Sled Dogs and Sniffers Help Study Mercury
Scientists are using dog hair to study mercury contamination in the environment and to assess how levels of the contaminant in food supplies may affect human populations.
“The foods sled dogs are eating are scraps left over from people in the villages,” said Peter Bowers, an archaeologist at Northern Land Use Research, an Alaskan consulting firm, who contributed to a study published in the journal Science of the Total Environment in October.

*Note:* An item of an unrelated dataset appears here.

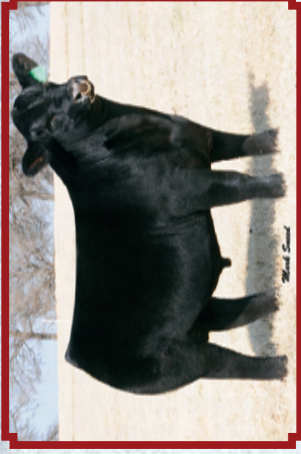
Limestone Dark Horse

Sled dogs eat a diet rich in fish, similar to that partaken by Alaska’s indigenous population. Scientists hope to use data from sled dog populations to find out how much mercury humans are eating and determine where contaminants enter the food chain. Fish accumulate varying levels of mercury depending on their habitat and diet. Scientists hope that mercury levels in dog hair from different husky populations will provide information on mercury levels in the native fish they eat.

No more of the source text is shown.